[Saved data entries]
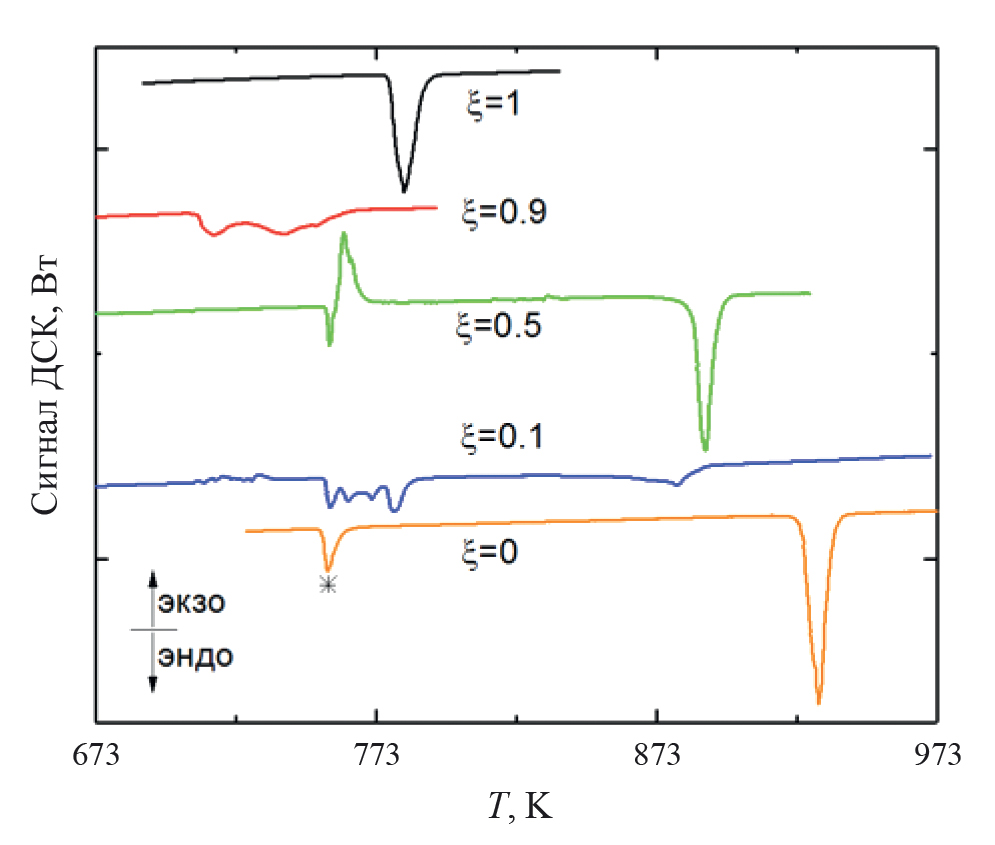 Рис. 1. ДСК-кривые плавления смесей (1–ξ) CsCl–ξPbCl2 различного состава. Звездочкой отмечен фазовый переход в CsCl.
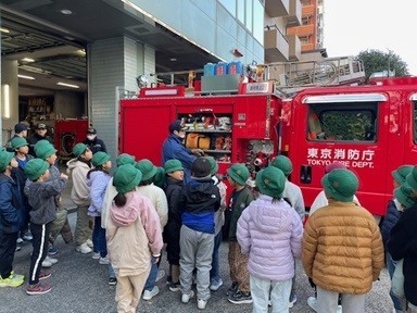 消防車や救急車を間近で見せていただき、車両に積まれている道具や、火事や救急の現場での役割について、分かりやすく説明していただきました。
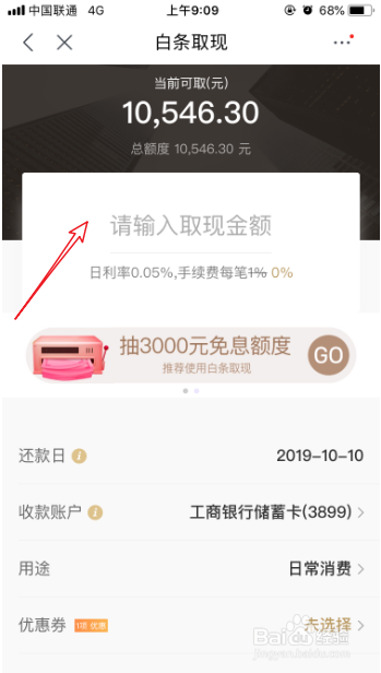 进入白条取现页面后,可以看到当前可取现的金额【和白条剩余额度相关】,我们输入想要提现金额
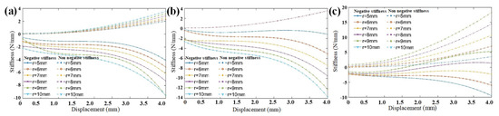 As shown in Figure 9, the addition of the negative stiffness structure significantly reduces the stiffness of the system. Specifically, Figure 9a shows that when the radius of the mass block is increased, the system stiffness of the negative stiffness structure is gradually decreased. In contrast, the system stiffness of the non-negative stiffness structure is changed slightly. As shown in Figure 9b, when the thickness of the mass is increased, the stiffness of the system will be gradually decreased. However, it is found that the impact on the decreased stiffness of the system will be gradually weakened with the increase of the thickness. Additionally, in Figure 9c, when the film thickness is reduced, the system stiffness will also be significantly reduced. In contrast, the influence of the reduced stiffness will not be significantly affected by the reduction of the thickness.
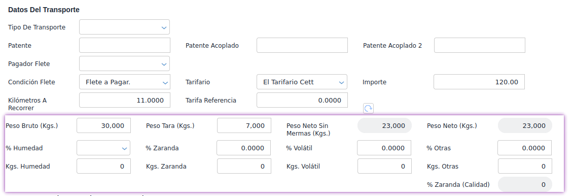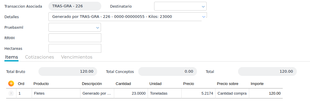 En el siguiente ejemplo, al ser 120 U$S el importe en rangos entre 10 y 20 kilometros y al traslado ser por 11 kilómetros, se calcula como precio fijo U$S 120 y al ser 23 toneladas, el precio por tonelada se calcula 120U$S/23TN resultando en 5.21 U$S por tonelada en al recepción de fletes.
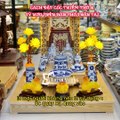Lọ hoa thường đặt bên phải của bàn thờ, và đĩa trái cây, đồ thờ, và ông Cóc ngậm tiền đặt bên trái.
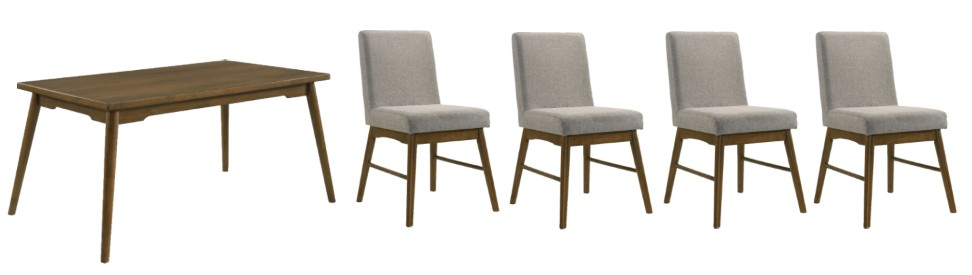 The Malibu in Walnut Dining Room is a sophisticated and timeless addition to any dining space. With its rich walnut finish, this dining set exudes elegance and warmth. The warm grey upholstery adds a touch of luxury and comfort, while the tapered table legs provide stability and mid-century style.Read More
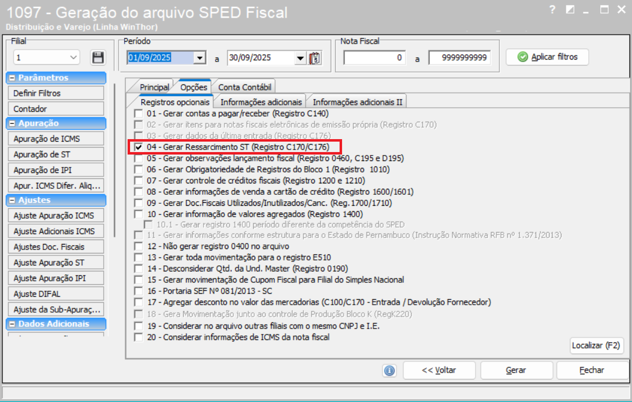 Foi alterada a geração do registro C176 no Sped Fiscal para quando estiver marcado o parâmetro “04 - Gerar Ressarcimento ST (Registro C170/C176)” e o produto possuir CFOP = 5927 conforme requisito.
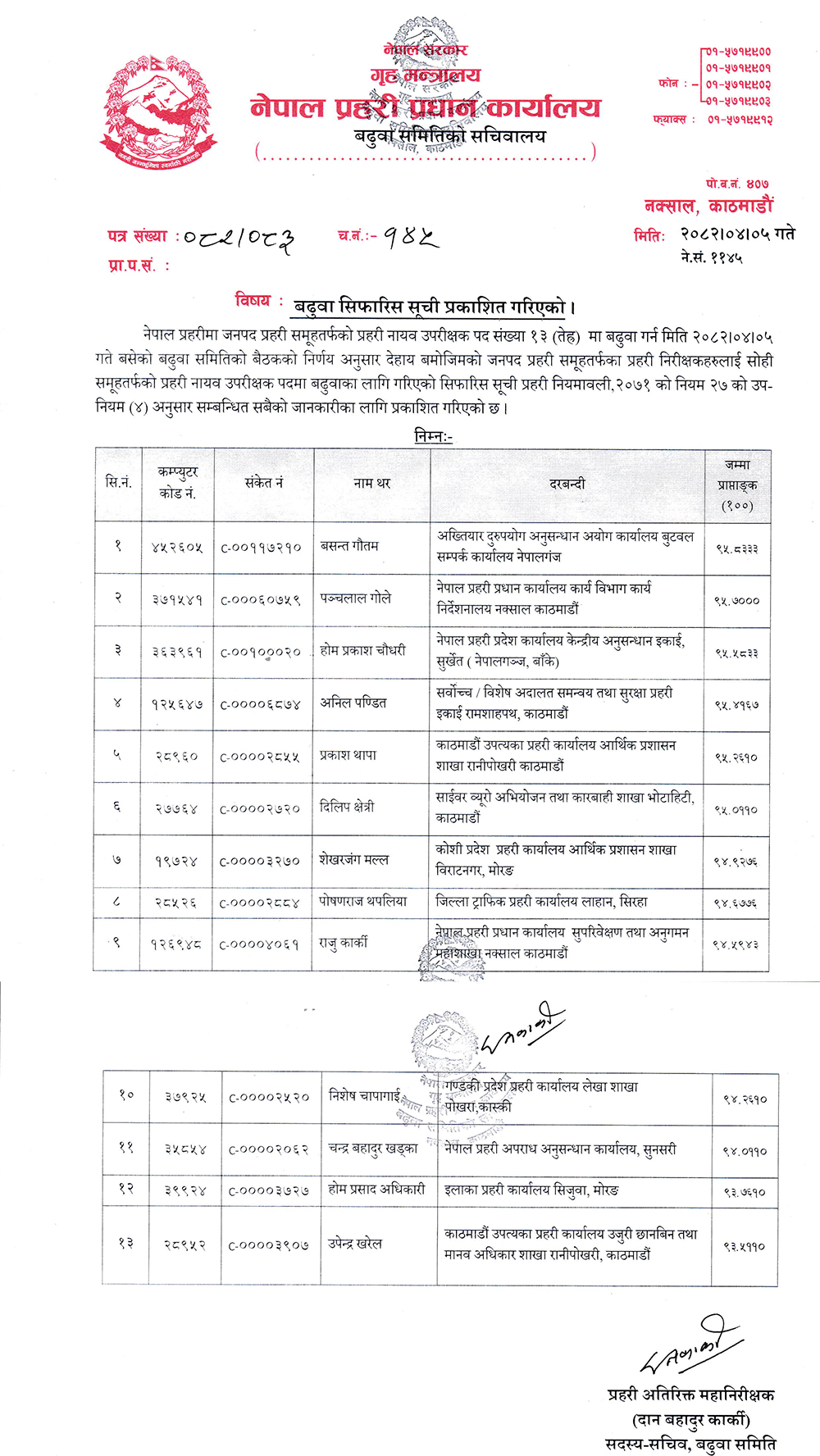प्रहरी मुख्यालयस्थित बढुवा समितिले योग्य ठहरिएका १३ जना इन्स्पेक्टरहरु बढुवा सिफारिस भएका हुन् ।

What the task asks: Each record above needs to be copied exactly, with images left out.

Solution to the exercise:
 Рис. 1. ДСК-кривые плавления смесей (1–ξ) CsCl–ξPbCl2 различного состава. Звездочкой отмечен фазовый переход в CsCl.
 消防車や救急車を間近で見せていただき、車両に積まれている道具や、火事や救急の現場での役割について、分かりやすく説明していただきました。
 进入白条取现页面后,可以看到当前可取现的金额【和白条剩余额度相关】,我们输入想要提现金额
 As shown in Figure 9, the addition of the negative stiffness structure significantly reduces the stiffness of the system. Specifically, Figure 9a shows that when the radius of the mass block is increased, the system stiffness of the negative stiffness structure is gradually decreased. In contrast, the system stiffness of the non-negative stiffness structure is changed slightly. As shown in Figure 9b, when the thickness of the mass is increased, the stiffness of the system will be gradually decreased. However, it is found that the impact on the decreased stiffness of the system will be gradually weakened with the increase of the thickness. Additionally, in Figure 9c, when the film thickness is reduced, the system stiffness will also be significantly reduced. In contrast, the influence of the reduced stiffness will not be significantly affected by the reduction of the thickness.
 En el siguiente ejemplo, al ser 120 U$S el importe en rangos entre 10 y 20 kilometros y al traslado ser por 11 kilómetros, se calcula como precio fijo U$S 120 y al ser 23 toneladas, el precio por tonelada se calcula 120U$S/23TN resultando en 5.21 U$S por tonelada en al recepción de fletes.
Lọ hoa thường đặt bên phải của bàn thờ, và đĩa trái cây, đồ thờ, và ông Cóc ngậm tiền đặt bên trái.
 The Malibu in Walnut Dining Room is a sophisticated and timeless addition to any dining space. With its rich walnut finish, this dining set exudes elegance and warmth. The warm grey upholstery adds a touch of luxury and comfort, while the tapered table legs provide stability and mid-century style.Read More
 Foi alterada a geração do registro C176 no Sped Fiscal para quando estiver marcado o parâmetro “04 - Gerar Ressarcimento ST (Registro C170/C176)” e o produto possuir CFOP = 5927 conforme requisito.
प्रहरी मुख्यालयस्थित बढुवा समितिले योग्य ठहरिएका १३ जना इन्स्पेक्टरहरु बढुवा सिफारिस भएका हुन् ।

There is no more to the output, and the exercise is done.